Oh well. This weather does have its upsides. It is, in my mom’s words, “growthly weather”. Meaning that plants love the muggy wetness and bouts of sunshine and are falling over themselves to get bigger. Sometimes literally:
The purple basil has toppled over
And that means lots of herby loveliness to cook with. Generous handfuls of oregano in my Greek salad, piles of green and purple basil for raw tomato sauce and plenty of mint for fresh pea soup.
The craving for this soup was inspired by Nigella Lawson, as is so often true for me. In Forever Summer she talks about a cold pea soup with mint, calling it a “lovely, fresh and soothing emulsion”. Makes you hungry, doesn’t it? Going whole hog with the recipe seemed like too much of an effort for a quick after-work bowlful, especially the bit where you have to wait for the soup to be thoroughly cold. Not happening when I am on the prowl for a snack to stop my stomach from growling. I am happy to report, though, that the soup is mighty tasty even in my adapted version.

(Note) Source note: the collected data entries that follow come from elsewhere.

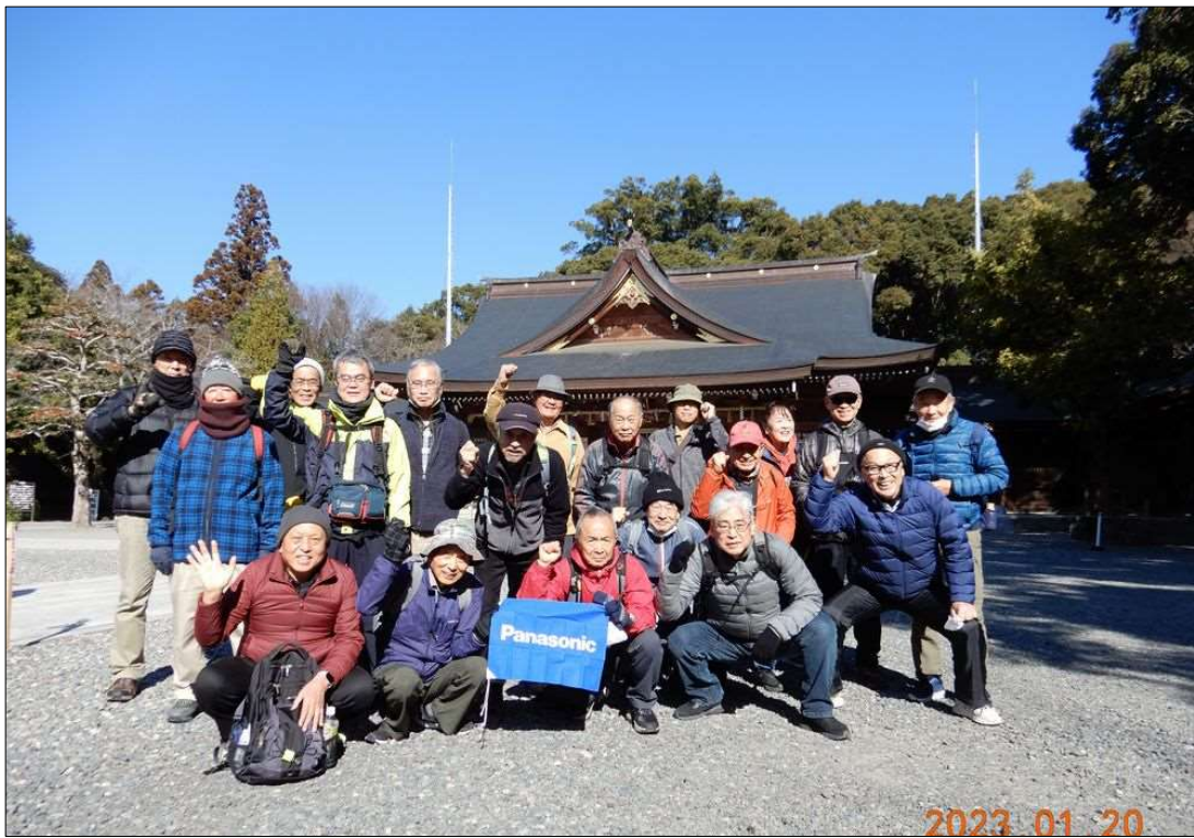
19 JR三河一宮駅近くの砥鹿神社を、19名で元気にスタート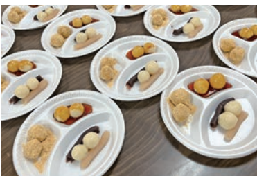
お団子は4つの味で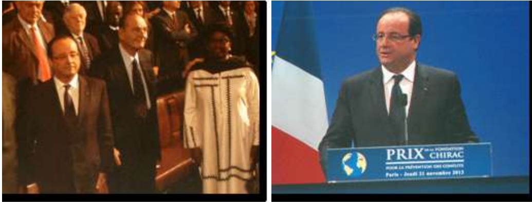
Le Président Hollande et le Président Chirac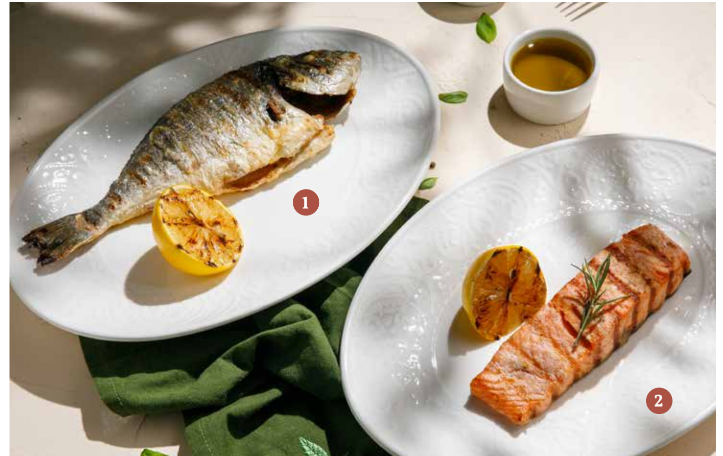
1 СИБАС / ДОРАДО Sea bass / dorado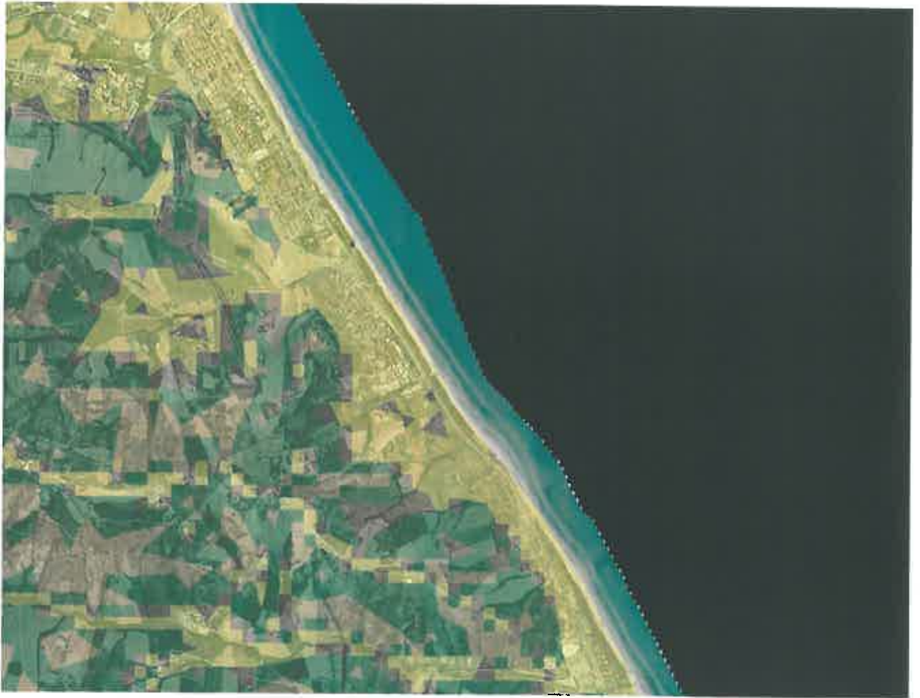
Carta Tematica 6 - Carta delle pendenze eseguita nell'ambito di realizzazione del Piano regionale per la programmazione delle attività di previsione, prevenzione e lotta attiva contro gli incendi boschivi, art 3 L. n. 353/2000 - Anni 2011-2012. Carta tematica regionale. In giallo pendenze che hanno angoli che vanno da 0° a 8° gradi.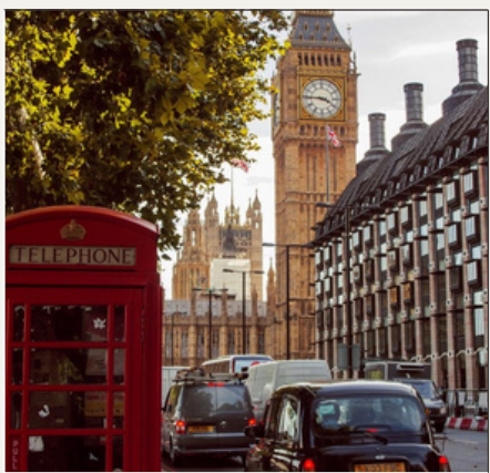
Londres, REINO UNIDO 13:00-13:30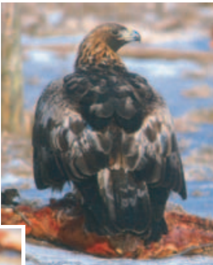
▲ Foto 25 & 26. Ringmærket med kendt alder. Stort set helt udfarvet. Smalle, gråhvide striber kan stadig ses på nogle af halefjerenes yderfane. Dette individ har i modsætning til det forrige et lyst felt i vingedækfjerene og følger således ikke (længere ??) sekvensen med hvert andet år lyst og hvert andet år mørkt felt.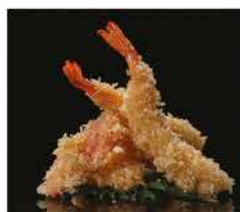
214. TEMPURA DI GAMBERI* E VERDURE € 10,00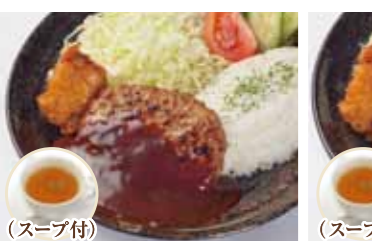
(スープ付) デミグラスハンバーグ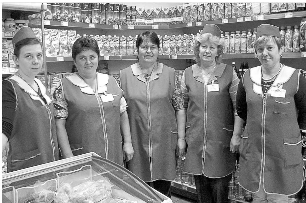
Коллектив магазина №42 в Красновидово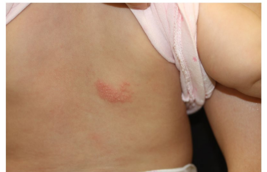
带状疱疹 1歳女子背部の病変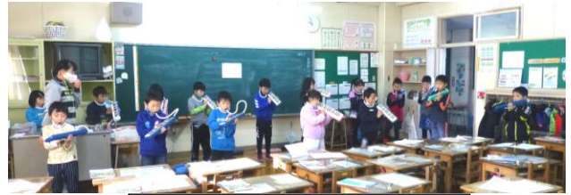
2年生の鍵盤ハーモニカグループ

なお、当日の発表の様子(映像)は、何らかの形で配信することも検討しています。詳細は、後日お知らせします。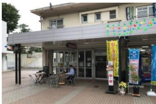
【ほっとさこんやまの外観】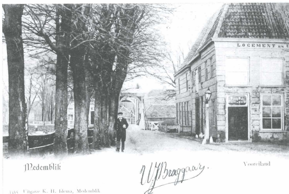
Afb.5: Hoek Hoogesteeg - Vooreiland in het begin van de 20 e eeuw.

Ook op deze oude ansicht (Afb.5) staan de bekende iepen langs de straat. Rechts op de hoek staat een hardstenen lantaarnpaal met olielamp.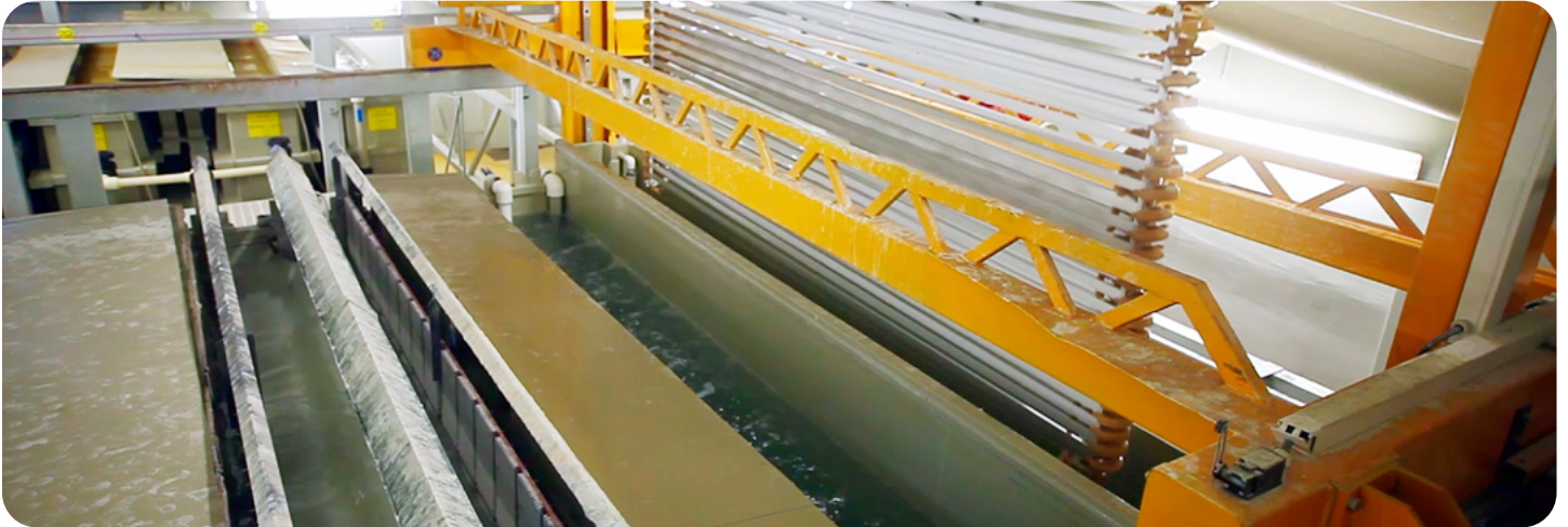
금속 부품은 일반적으로 랙에 놓은 다음 수동으로 또는 그림과 같이 자동으로 산성 배스에 담급니다.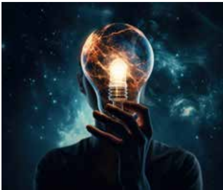
ENERGIEGEMEINSCHAFTEN BRINGEN FÜR DIE GEMEINDEN VIELE VORTEILE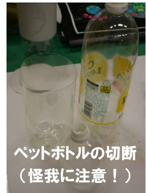
ペットボトルの切断 (怪我に注意！)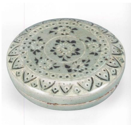
青磁象嵌花文合子 高麗時代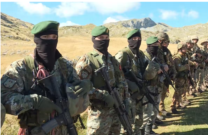
Entrenamiento militar en Sinjajevina.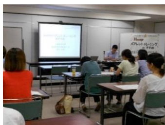
7/18 心の発達と関わり方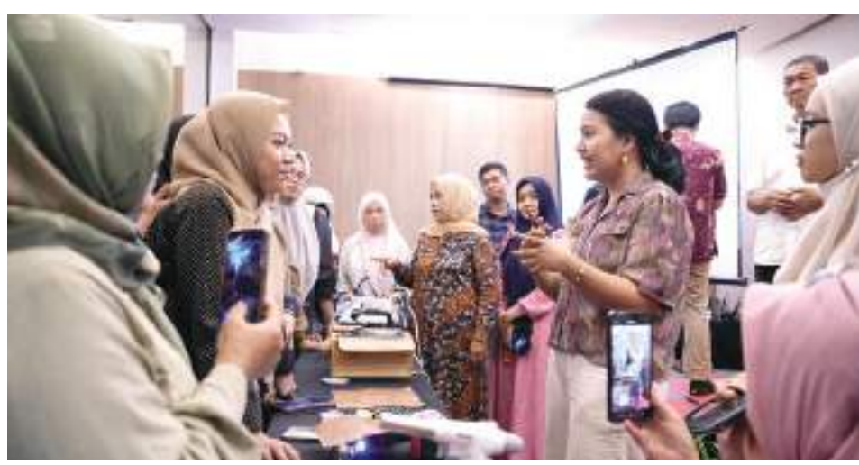
PERTAMINA Patra Niaga Regional Sulawesi melaksanakan UMK Academy 2026 di Toraja Room, Ibis City Center Makassar.

Selama dua hari, 15-16 April 2026, sebanyak 50 pelaku UMKM mengikuti pelatihan secara langsung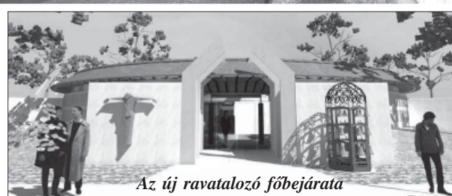
Az új ravatalozó főbejárata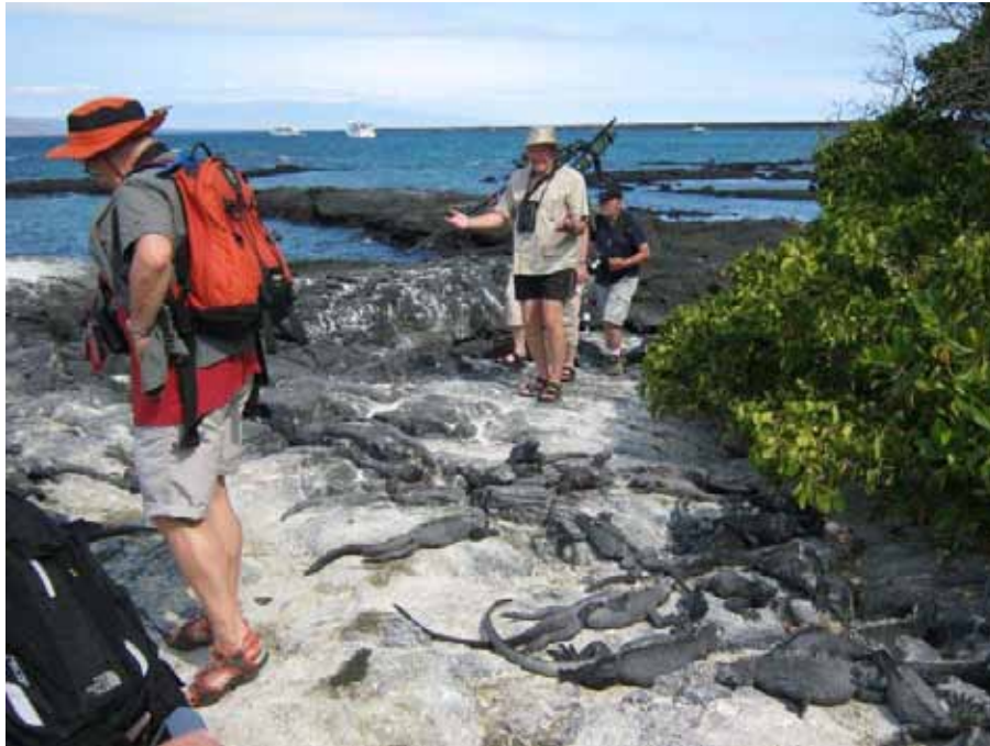
Selv en dyrlæge kan få nok at dyr!

Eftermiddagen tilbringes med en landing på Punta Espinosa på Fernandina (Narborough). Undervejs hertil ser vi fiskestimer i overfladen, til stor glæde for Skråper, Noddyer, Suler og formentlig de rovfisk m.v., der har skræmt stimen op i overfladen.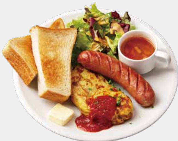
SPANISH OMELETTE & SAUSAGE PLATE スペインオムレットと 信州粗挽きソーセージのプレート 2,200 (税込 2,420)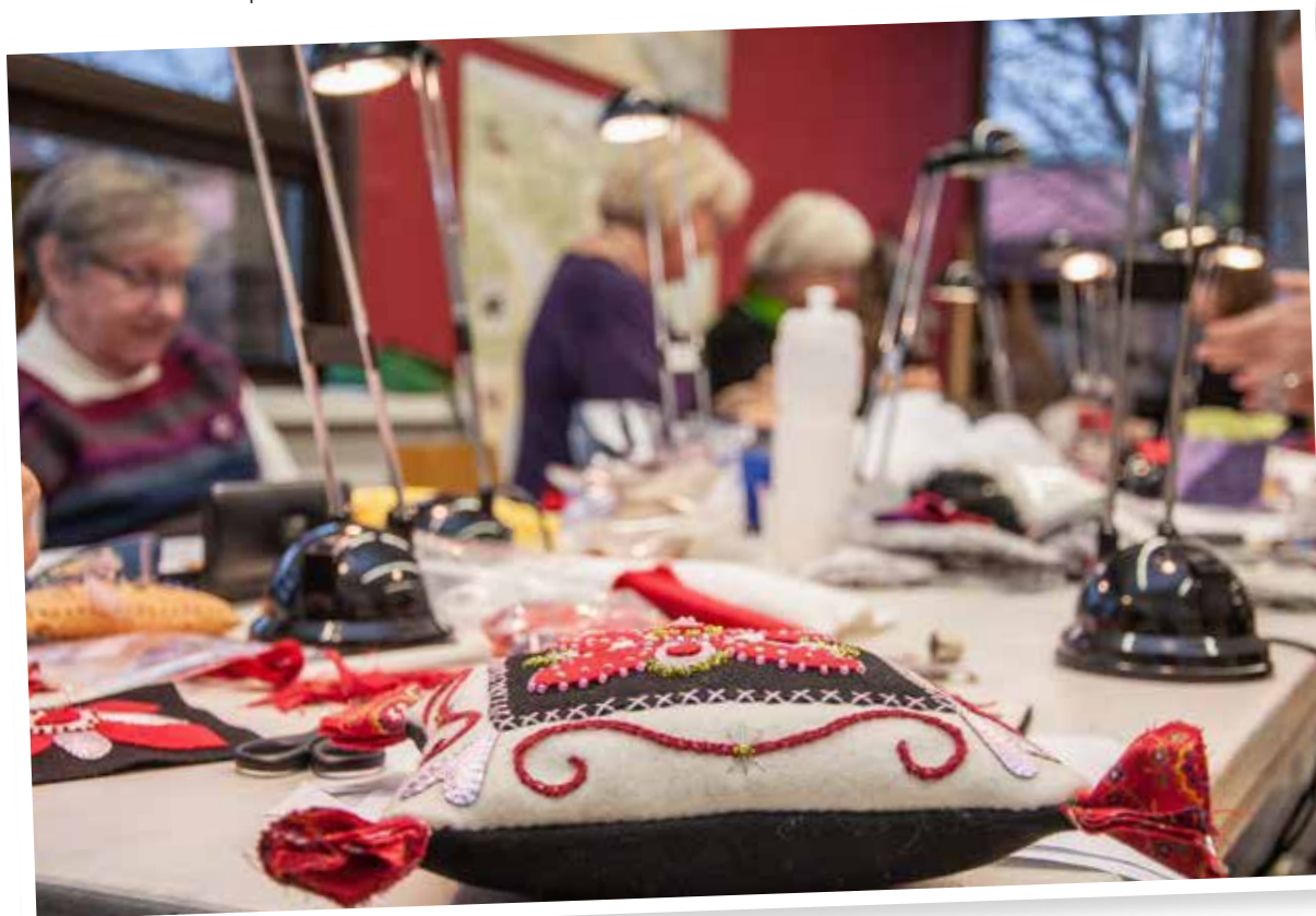
Kurs i grannlätsbroderi.

Under hösten hålls ett regionalt kulturpolitiskt möte som samlar regionala och kommunala kulturpolitiker och chefstjänstemän för att utbyta kunskap och erfarenheter inför nästkommande år.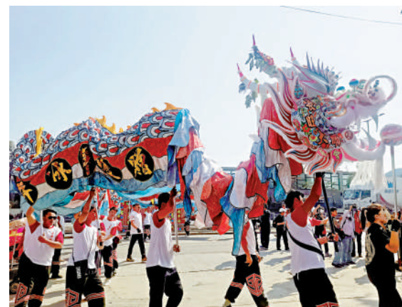
▲古洞村眾人舞龍場面。

從1953年至1983年，上水古洞村「觀音寶誕酬神演戲委員會」每年都會在觀音誕酬神演戲，舉辦觀音誕神功戲，除了任劍輝、白雪仙外，香港粵劇藝術家，諸如白玉堂、梁醒波、麥炳榮、鳳凰女、任冰兒、關海山、李寶瑩、龍劍笙、梅雪詩等都曾到古洞村演出神功戲。1983年之後停辦至去年，今年復辦。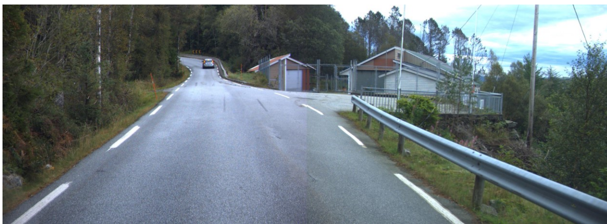
Fig: Vegbilette av avkøyrsla (2015).

Det må vere tilstrekkeleg snu og manøvreringsareal inne på eigen eigedom, slik at ein ikkje legg opp til manøvrering på fylkesvegen.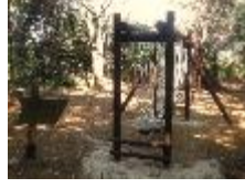
11 丸太越え (根の国へ)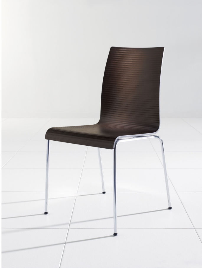
BRUNNER | PRIME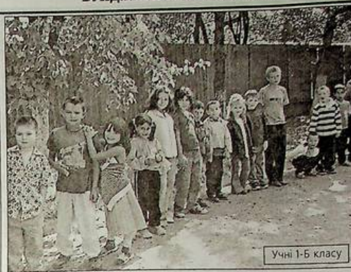
Учні 1-5 класу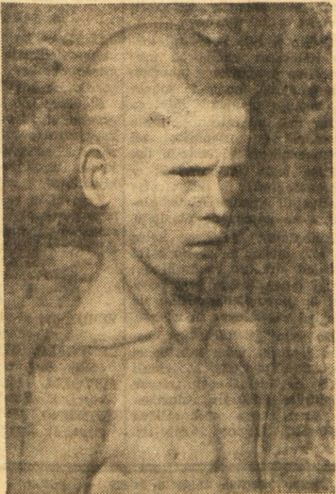
V strahotnem taborišču na Rabu so trpeli tudi otroci.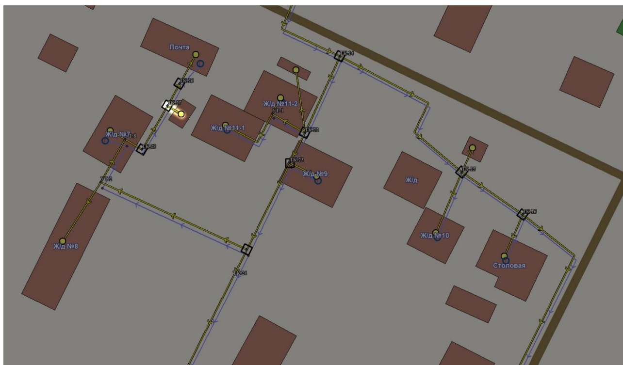
Рисунок 7.1 - Участки тепловой сети котельной д. Нововолково, д.22 с завышенными удельными сопротивлениями

На рисунках 7.1 - 7.5 указаны участки тепловых сетей котельных Волковского сельского поселения с завышенными удельными линейными потерями напора.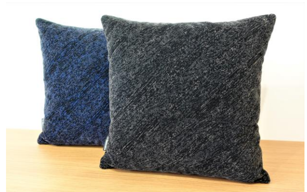
鉄道クッション（2種類） （セレーナ BU-B/セレーナ BR-B）

Almost as happy as the people who saw a giant yellow egg hurtling past them this morning.
Pea soup with mint and yogurt
250 gr of peas (fresh or frozen)
1 shallot, finely minced
glug of olive oil
500 ml water
generous pinch of salt
1 handful of fresh mint leaves
2 large scoops creamy yogurt
Heat the olive oil in a medium sauce pan, and add the shallot when hot. Spin the pieces around in the pan a couple of times, until they have softened a bit. Add the peas, mix with the shallot pieces and add the water. Cover the pan and bring the water to a gentle boil. Cook for about 20-25 minutes or until peas are soft. Leave to cool slightly, then add mint leaves and blitz with an immersion blender until smooth. Taste, add salt, blitz again and repeat until it has enough salt.
Transfer to two bowls and cool to as least tepid before adding a scoop of yogurt to each bowl. Serve. (This tastes even better cold, so do chill before eating if you have the patience.)